The Australian dollar surged to a fresh 1 month high versus the US dollar on Monday. The pair rallied to a high of US$0.6881 extending gains from the previous week. The Australian dollar US dollar jumped 1% across the previous week, its third straight week of gains.

The Australian dollar is looking well supported. Last week the pair was lifted by hawkish comments from the Reserve Bank of Australian Governor Philip Lowe, in addition to a stronger than forecast labour report.

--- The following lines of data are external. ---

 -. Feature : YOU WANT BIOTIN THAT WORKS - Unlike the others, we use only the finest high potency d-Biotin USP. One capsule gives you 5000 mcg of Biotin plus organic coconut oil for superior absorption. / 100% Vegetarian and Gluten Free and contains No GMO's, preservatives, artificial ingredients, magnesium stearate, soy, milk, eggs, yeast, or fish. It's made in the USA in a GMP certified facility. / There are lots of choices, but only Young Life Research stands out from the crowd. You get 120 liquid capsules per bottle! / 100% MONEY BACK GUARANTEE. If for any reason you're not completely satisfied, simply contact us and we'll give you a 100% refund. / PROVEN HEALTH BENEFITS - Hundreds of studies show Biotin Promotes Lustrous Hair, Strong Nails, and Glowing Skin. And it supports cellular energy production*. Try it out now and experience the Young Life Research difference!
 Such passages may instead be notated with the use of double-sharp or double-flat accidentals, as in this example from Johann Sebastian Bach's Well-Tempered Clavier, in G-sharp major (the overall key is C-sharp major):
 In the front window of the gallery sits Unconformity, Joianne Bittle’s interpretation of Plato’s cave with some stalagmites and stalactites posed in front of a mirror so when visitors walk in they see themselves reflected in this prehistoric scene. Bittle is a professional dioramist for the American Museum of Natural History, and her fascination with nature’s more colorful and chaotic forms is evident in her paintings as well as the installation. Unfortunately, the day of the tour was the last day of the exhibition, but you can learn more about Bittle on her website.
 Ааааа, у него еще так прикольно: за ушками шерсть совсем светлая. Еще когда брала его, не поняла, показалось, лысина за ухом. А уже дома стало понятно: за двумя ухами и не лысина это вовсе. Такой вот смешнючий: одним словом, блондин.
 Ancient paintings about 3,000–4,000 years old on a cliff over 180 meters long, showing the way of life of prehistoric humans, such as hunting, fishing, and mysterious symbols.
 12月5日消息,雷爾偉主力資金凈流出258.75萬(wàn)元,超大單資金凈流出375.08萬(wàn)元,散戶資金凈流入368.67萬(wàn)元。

Last week the Australian dollar reacted positively to data that showed that the Australian unemployment rate unexpectedly fell to 5.2%, down from 5.3%. The figures marked the first drop in unemployment in 7 months. The figures came the same week as Dr Lowe reduced expectations of any further interest rate cuts. Instead he indicated that he saw a return to trend growth over the next year. The less dovish time has boosted investor demand for the Aussie dollar.

 

Why do interest rate cuts drag on a currency’s value?
Interest rates are key to understanding exchange rate movements. Those who have large sums of money to invest want the highest return on their investments. Lower interest rate environments tend to offer lower yields. So, if the interest rate or at least the interest rate expectation of a country is relatively lower compared to another, then foreign investors look to pull their capital out and invest elsewhere. Large corporations and investors sell out of local currency to invest elsewhere. More local currency is available  as the demand of that currency declines, dragging the value lower.

 

US – Sino trade dispute developments are also boosting the risker Australian dollar.

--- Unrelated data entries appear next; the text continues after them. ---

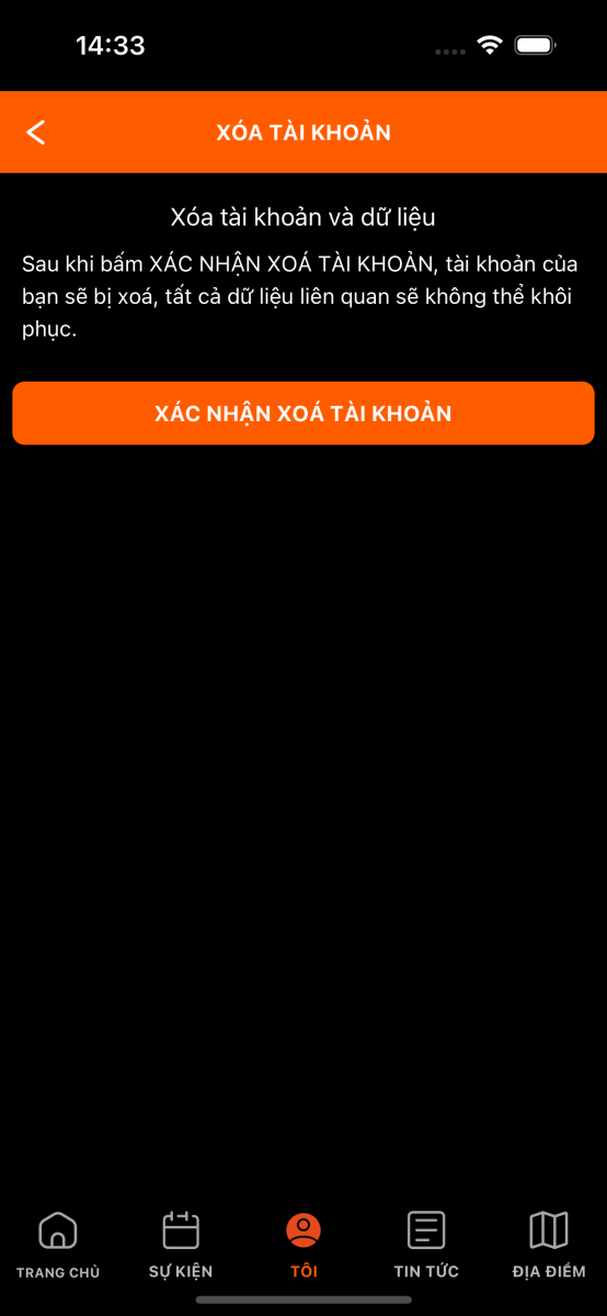 - Bấm vào XÁC NHẬN XÓA TÀI KHOẢN
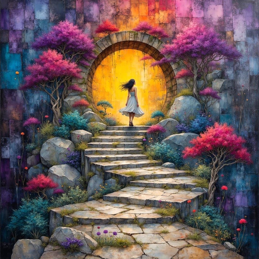 This image shows a surreal oil painting of a winding stone path leading to a portal. A woman stands in the portal, surrounded by bonsai trees and vibrant colors, in a volumetric style.
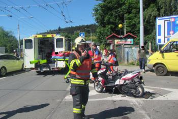 Řidič skútru naboural do auta před nemocnicí, taky v ní hned skončil
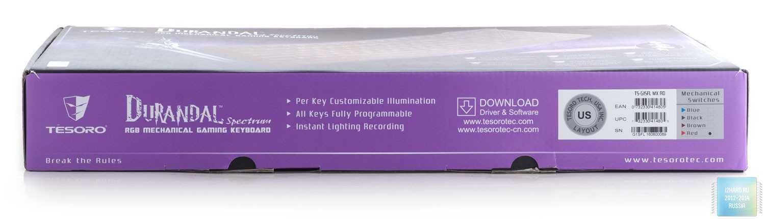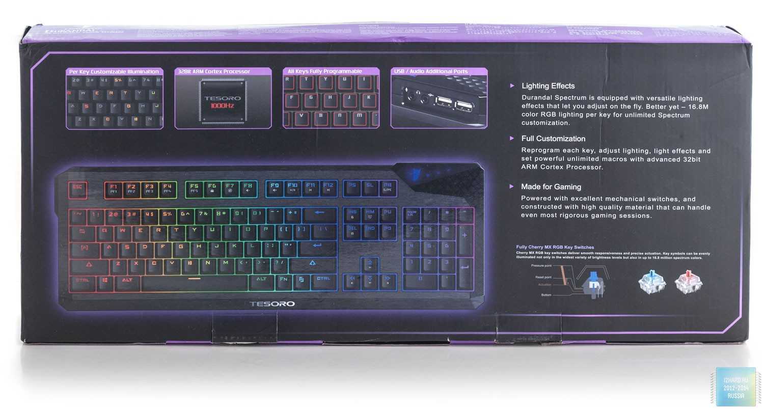 Клавиатура Tesoro Durandal Spectrum представлена намеханических переключателях Cherry MXRGB четырех видов— Red, Brown, Black иBlue.

There is no high impacting Australian data due for release until later in the week. US – China trade developments could drive trading until then.

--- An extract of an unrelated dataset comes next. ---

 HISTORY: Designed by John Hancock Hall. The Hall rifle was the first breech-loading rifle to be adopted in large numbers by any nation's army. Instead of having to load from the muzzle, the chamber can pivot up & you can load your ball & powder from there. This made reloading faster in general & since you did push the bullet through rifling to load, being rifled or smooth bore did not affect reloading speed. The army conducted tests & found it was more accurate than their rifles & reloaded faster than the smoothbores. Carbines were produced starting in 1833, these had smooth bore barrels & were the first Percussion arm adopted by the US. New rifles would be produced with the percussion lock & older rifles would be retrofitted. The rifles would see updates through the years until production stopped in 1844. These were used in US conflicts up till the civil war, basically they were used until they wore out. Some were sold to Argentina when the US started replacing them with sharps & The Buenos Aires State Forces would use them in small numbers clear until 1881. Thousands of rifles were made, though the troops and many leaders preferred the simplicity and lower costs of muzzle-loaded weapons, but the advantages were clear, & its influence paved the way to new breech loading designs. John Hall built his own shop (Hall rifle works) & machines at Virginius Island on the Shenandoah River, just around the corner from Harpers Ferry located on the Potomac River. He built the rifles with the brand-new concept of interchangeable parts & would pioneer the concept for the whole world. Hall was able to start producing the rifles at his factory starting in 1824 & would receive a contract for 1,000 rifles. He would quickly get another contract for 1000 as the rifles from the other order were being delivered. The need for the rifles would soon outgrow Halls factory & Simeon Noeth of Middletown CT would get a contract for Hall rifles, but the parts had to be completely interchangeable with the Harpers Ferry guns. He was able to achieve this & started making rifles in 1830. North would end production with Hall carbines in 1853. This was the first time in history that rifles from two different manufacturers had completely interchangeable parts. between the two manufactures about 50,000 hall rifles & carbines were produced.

Dollar Drops On Trade Chatter

The dollar trended lower in early trade on Monday as concerns linger over the health of the US economy and amid chatter that the US and China could soon reach a trade deal.

Over the weekend the Chinese vice premier Liu He announced that the US and China had made significant progress in recent trade talks. He said that a trade deal would be beneficial not only for Chia and the US but also for the global economy.

Adding to the optimism, President Trump also said that he believed that the two sides, US and China will have signed a trade deal by the Asia – Pacific Economic Cooperation meeting in mid-November. He added that that this could be sufficient to prevent any further trade tariffs.

The encouraging trad news has boosted risk appetite in the market. When risk appetite increases, investors often sell out of safe havens, such as the US dollar.

 

What do these figures mean?
When measuring the value of a pair of currencies, one set equals 1 unit and the other shows the current equivalent. As the market moves, the amount will vary from minute to minute.

For example, it could be written:

1 USD = 0.6784 AUD

Here, $1 is equivalent to approximately A$0.67. This specifically measures the US dollar’s worth against the Australian dollar. If the Aussie dollar amount increases in this pairing, it’s positive for the US dollar.

Or, if you were looking at it the other way around:

1 AUD = 1.4739 USD

In this example, A$1 is equivalent to approximately $1.47. This measures the Australian dollar’s worth versus the US Dollar. If the US dollar number gets larger, it’s good news for the Aussie dollar.